Christmas in Coconut Creek (Dirty Delta, #1)(62)



Frankie took a seat next to me on the floor in front of the coffee table and I nudged him playfully.

“I like your pjs,” I said. “Classic. Timeless.”

“Can I tell you a secret?” He leaned over, whispering. His fingers walked a trail from my knee to the hem of my cotton shorts. “I actually sleep naked.”

My skin lit up where he touched it. Like candle wax searing into me. Blaming it on the wine was a cop-out—I barely had a buzz yet. The implications of the night weren’t lost on either of us. I could feel it like a layer of dust in the air. This was all fun, wine, popcorn, and games until bedtime. When Mateo and Nat waddled off to their sound studio and Frankie and I were left to fill in each other’s blanks. My nerves were on edge, despite how casual the hooking up was meant to be. It hadn’t been as long for me as it was for Frankie, but I was still out of practice and the pressure to satisfy him loomed.

What happened in the truck was just as much for me as it was for him. A way to test the waters and boost my confidence. Judging by his reaction, we were both just as dazzled by each other’s sexual prowess. Maybe I could be the girl who demanded what she deserved and never let a man know my next move. More spontaneity, less domesticity.

I fingered the button on my pajama shirt. “Even with a stranger in your bed?”

“Especially with her in my bed.”

I pushed Frankie’s tumbler of amber alcohol toward him, and with unspoken understanding, we clinked our drinks together and downed the remaining liquid.





22





Two-and-a-half glasses of wine. That’s how much alcohol it took to get Ophelia Brody so tipsy she started cheating at Scattergories.

She leaned into my shoulder more when she laughed, and her lips lingered on the rim of her glass when she smiled. Her words came out slower and in a deeper, sexier baritone that for whatever reason crept up my spine and vibrated like live wire.

That’s a good voice, I thought. One I wouldn’t mind hearing on a late-night phone call, long distance. One I’d never delete out of my voicemail just so I could go back and rehear it.

But those weren’t things I was supposed to be thinking while I sat next to her on the carpet, sneaking as many secret looks as I could at the way the fireplace brought out the hidden auburn in her hair. I wasn’t supposed to be committing her favorite wine to memory, or remembering her siblings’ names, or spending my entire lunch break researching the best hiking trails in Colorado so I could save them in the notes on my phone, just in case.

None of these things were supposed to be happening, but I was in too deep to swim back to shore. Parts of me knew Ophelia was right there with me, but neither of us had the guts to fight the tide and save ourselves from fucking drowning.

For the first time in over three years, I didn’t even get a knot in my stomach when someone alluded to Vanessa.

Hell, Ophelia had uncovered a box of the pathetic fucking love letters I’d sent to her from overseas that I should have taken fire to the minute we ended things. As soon as I found out everything I was too naive and in love to see coming.

I should have been angry when I caught her snooping. That was the justified emotion. But, in actuality, I felt relief. Relief because it meant the girl I couldn’t stop thinking about was thinking about me, and my life, and my past, and my tours, and the shit that made me a thirty-five-year-old bachelor with a roommate and a season pass to Butterflyland.

I wanted her to ask me. Because for some reason, I wanted to tell her everything.
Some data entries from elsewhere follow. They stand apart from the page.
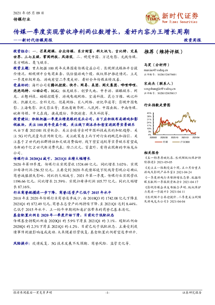 新时代证券:传媒周报:传媒一季度实现营收净利两位数增长,看好内容为王增长周期.pdf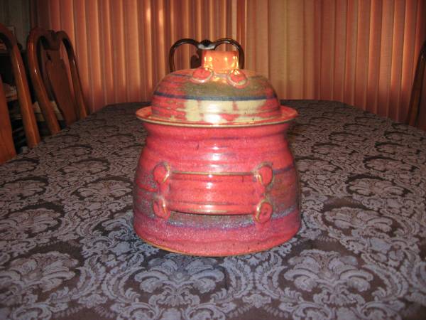 Signed Zappa Colorado Pottery stoneware soup tureen/casserole dish, cut out in lid for the handle for your ladle to protrude, 6" deep base, 8 1/2 inches tall to top of lid, $10.00. Beautiful colors!...
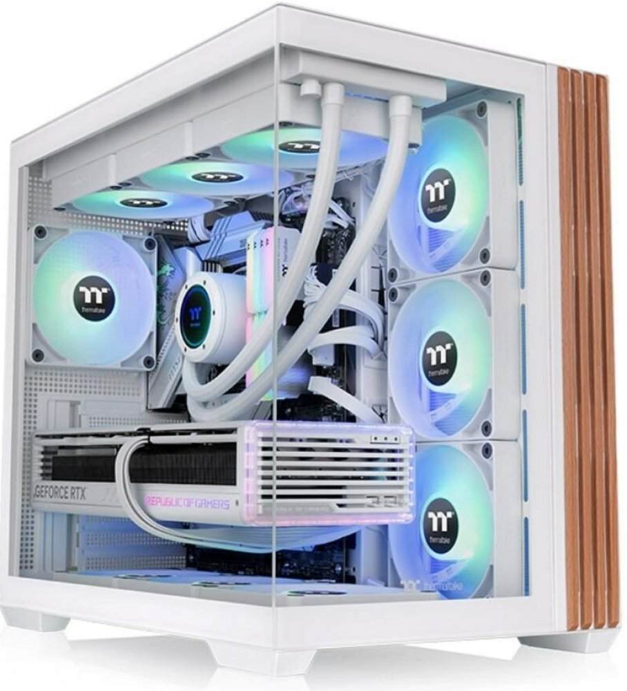 THERMAL TAKE Case View 380 WS ARGBSkříň View 380 WS ARGB Snow Mid Tower je dvoukomorová ATX skříň doplněná stylovými dřevěnými prvky. Podporuje základní desky s „Hidden-Connector“ rozložením od ASUS, MSI a GIGABYTE a je vybavena třemi 120mm ARGB Lite Reverse ventilátory na straně základní desky a jedním 120mm ARGB Lite ventilátorem vzadu.SpecifikaceVelikost SkříněVelikost SkříněMid TowerPodporované velikosti základních desekVelikost základní deskyATX, micro-ATX, Mini-ITXPozice pro disky3.5" Pozice1x2.5" Pozice2xRozšiřující slotyHorizontální7xPřední Vstup/Výstup KonektoryZvukové konektory1xUSB 3.02xUSB-C 3.21xTvrzené skloPodpora vodního chlazeníVrchní část120/240/360 mmZadní část120 mmSpodní část120/240/360 mmNapravo120/140/240/280 mmPodpora ventilátorůVrchní část3 x 120, 2 x 120, 1 x 120 mmSpodní část3 x 120, 2 x 120, 1 x 120 mmZadní část1 x 120 mmNapravo3 x 120, 2 x 120, 1 x 120 mm2 x 140, 1 x 140 mmMaximální velikosti komponentůMaximální velikost CPU chladiče160 mmMaximální délka GPU 415 mmMaximální délka zdroje200 mmVelikost a VáhaVelikost411 × 285 × 447 mm.

Unload all the things I’d been holding onto for so long like she was a time capsule and it didn’t matter what I said, or how ridiculous it sounded. In two weeks it would be buried and anyone else that found it wouldn’t fucking understand anyway.

At the end of the day, that’s what we were doing, right? Using each other. I just had to keep reminding myself of that.
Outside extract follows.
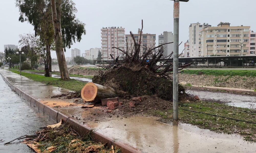 Son 1 haftadır etkili olan sağanak ve fırtına, Akdeniz Bölgesi’nin doğusundaki Adana, Mersin ve Hatayda yaşamı olumsuz etkiledi. MGMnin uyarı verdiği kentlerde sabah saatlerinde fırtına nedeniyle çok sayıda ağaç devrildi. Üzerine ağaç parçaları düşen bazı araçlar zarar gördü. Pek çok cadde ve sokak ile ev ve iş yerini su bastı. Yayalar ve trafikteki sürücüler zor anlar yaşadı.

Three glasses of wine in, and Ophelia was going at it with Mateo like they’d known each other all their lives, throwing popcorn across the table at him, deducting points for his spelling mistakes, quizzing him on all facts about Tally as a distraction.

But then that became the game. I would ask a question, and Ophelia and Mateo would write their answer down with a mini pencil on their sheet of paper. Tally would shout the answer, and her boyfriend and best friend would reveal theirs. We were all laughing, the drinks were flowing, and by the end of it, Ophelia had stamped Mateo with her personal seal of approval—which meant more to him than she’d ever know.

No one knew where the hours had gone when the credits rolled on the third movie. The wine opener sat next to a pile of discarded corks on the table and the four of us lay happily drunk on the couch in our pajamas.

I felt satiated. As weird as that sounded. There was nothing else I could have wanted out of my night. The beast of lust that always rumbled and growled around Ophelia had settled to a contented purr. Still easily awoken, but much less aggressive.

She folded herself into my side like it was the most natural thing in the world, and I could tell that sleep wasn’t too far off. On the other side of us Tally was already out cold, slung across her boyfriend’s lap.

“I’m gonna take her to bed, guys,” Mateo whispered. “Few too many for my girl.”

Ophelia smiled softly as he stood with Tally in his arms bridal style and blew the hair falling over her forehead out of her eyes.